The weakening and swelling of the main blood vessel from the heart is normally fatal if it bursts.
A study published in the New England Journal of Medicine, raised "concern" that English surgeons may be performing preventative operations less often.
Experts say the issue should be investigated further.
The aorta is normally 2 cm across and international guidelines suggest considering surgery once an aneurysm grows to 5.5 cm in men or 5 cm in women.
They cause massive internal bleeding if they burst.
Surgeons can either perform keyhole surgery to line the aorta with stents or perform open surgery to replace the aneurysm with a graft.

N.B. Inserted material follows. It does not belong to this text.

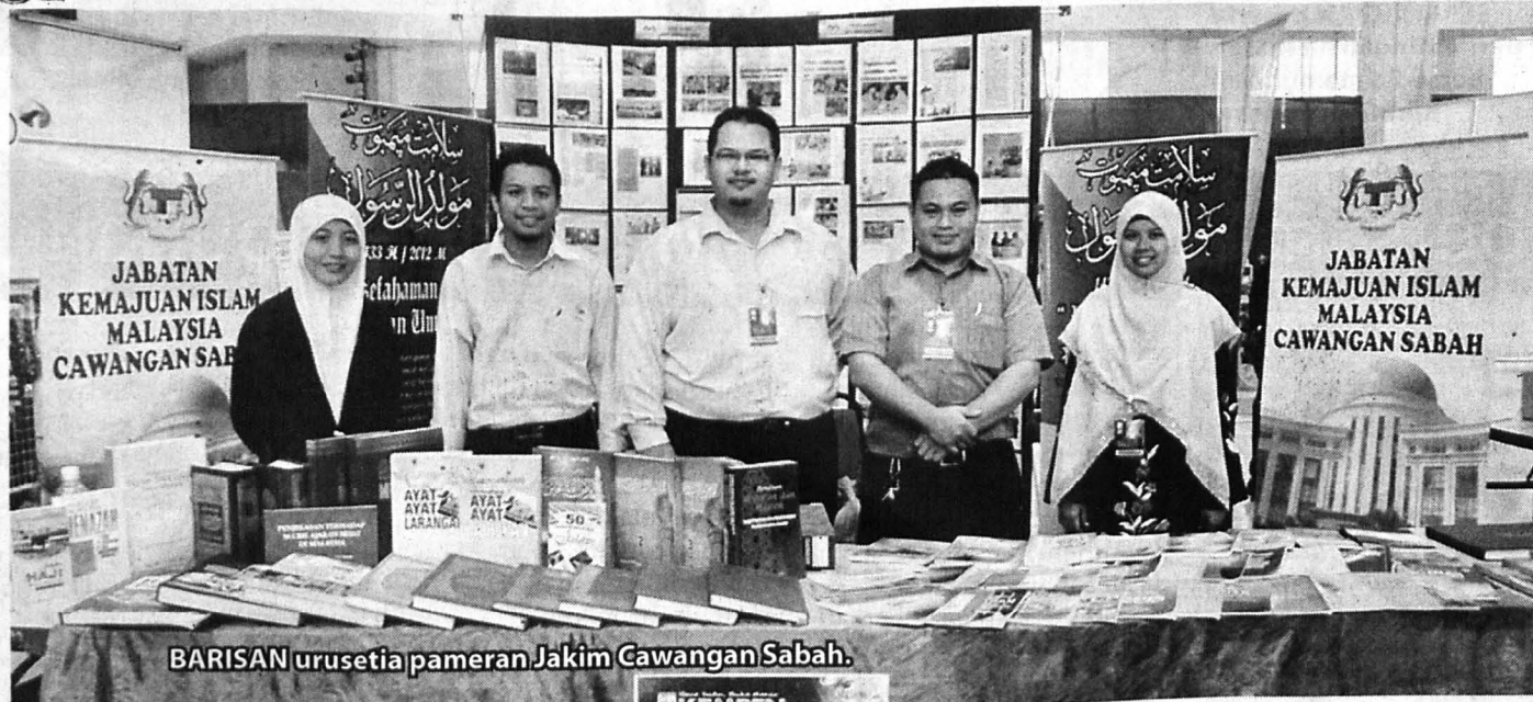
BARISAN urusetia pameran Jakim Cawangan Sabah.

Pameran kali ini telah disertai oleh hampir 50 agensi

Both procedures come with risks.
Teams from Harvard Medical School and St George's, University of London, analysed official national data on aneurysms in the US and England between 2005 and 2012. While the data analysed was only from England, the research team believe their findings apply across the UK.
The death rate from aneurysms fell in both countries over the period.

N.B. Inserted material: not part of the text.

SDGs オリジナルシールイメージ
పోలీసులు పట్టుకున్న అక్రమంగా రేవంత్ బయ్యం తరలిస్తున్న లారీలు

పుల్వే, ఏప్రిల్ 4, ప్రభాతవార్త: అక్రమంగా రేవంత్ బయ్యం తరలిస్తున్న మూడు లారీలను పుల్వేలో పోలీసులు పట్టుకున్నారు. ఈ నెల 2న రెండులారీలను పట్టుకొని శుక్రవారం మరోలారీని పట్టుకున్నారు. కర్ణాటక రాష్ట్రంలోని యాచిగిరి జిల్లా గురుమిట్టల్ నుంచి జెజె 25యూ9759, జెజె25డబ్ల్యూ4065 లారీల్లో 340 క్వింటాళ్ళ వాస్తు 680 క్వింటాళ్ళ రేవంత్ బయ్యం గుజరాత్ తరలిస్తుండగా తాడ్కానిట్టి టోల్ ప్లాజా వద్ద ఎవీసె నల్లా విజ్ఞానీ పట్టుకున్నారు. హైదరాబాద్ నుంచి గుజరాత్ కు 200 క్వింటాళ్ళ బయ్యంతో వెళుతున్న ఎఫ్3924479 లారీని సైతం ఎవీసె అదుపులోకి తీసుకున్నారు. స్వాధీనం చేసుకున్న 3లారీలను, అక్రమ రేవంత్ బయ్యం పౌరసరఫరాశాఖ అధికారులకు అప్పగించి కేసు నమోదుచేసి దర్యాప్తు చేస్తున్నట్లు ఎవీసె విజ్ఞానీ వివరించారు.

And in 2012 it stood at 34 per 100,000 people per year in England in 2012 and at nine per 100,000 people per year in the US.
On average it was three-and-a-half times higher in England.

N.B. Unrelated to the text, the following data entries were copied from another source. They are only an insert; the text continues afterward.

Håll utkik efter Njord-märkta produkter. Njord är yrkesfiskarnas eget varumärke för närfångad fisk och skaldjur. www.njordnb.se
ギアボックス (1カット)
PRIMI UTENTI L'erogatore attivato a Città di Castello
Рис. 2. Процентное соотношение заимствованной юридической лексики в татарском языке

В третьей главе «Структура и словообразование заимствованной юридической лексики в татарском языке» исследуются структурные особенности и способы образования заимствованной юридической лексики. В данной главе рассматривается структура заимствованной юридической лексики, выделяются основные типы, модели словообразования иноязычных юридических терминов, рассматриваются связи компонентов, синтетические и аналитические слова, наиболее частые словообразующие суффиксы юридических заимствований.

Meanwhile, the rate of aneurysm repair in England was half that of the US and those that were performed took place when the aneurysm had reached a larger size.
The average size was 5.83 cm in the US and 6.37 cm in England.
Dr Alan Karthikesalingam, from St George's, told the BBC News website: "This is not something we knew was happening.
"From an English perspective it raises a series of questions about what we do in response."
He was clear that the study is not definitive proof that doctors in England have got it wrong, but there "may be room for improvement".
He said: "It is a concerning observation. The problem is our study does not conclusively prove that the lower operation rate in England is the only cause of the higher number of aneurysm deaths."
One of the challenges is it is impossible to fully account for all the differences between the English and US healthcare systems, when people are tested and the health of the populaces which may also affect the findings.
The UK began introducing a screening programme for aneurysms in 2009.
Dr Karthikesalingam said there needed to be more research to determine if doctors should perform preventative operations on smaller aneurysms.
The Vascular Society of Great Britain and Ireland said: "Further trials are required to determine the safe threshold for abdominal aortic aneurysm management in the UK."
Meanwhile, Matt Bown, a professor of vascular surgery at the University of Leicester, said: "These findings do not support an immediate change in clinical practice, but do suggest that more research is needed to explain the variation in aneurysm death rates between the US and the UK.
"Currently, there is no evidence to suggest that patients with an abdominal aortic aneurysm should be offered surgery if it is less than 5.5cm.
"My current British Heart Foundation-funded research aims to help us understand more about how abdominal aortic aneurysms progress and the risk of rupture, and could help us identify people whose aneurysms grow faster and are at greater risk."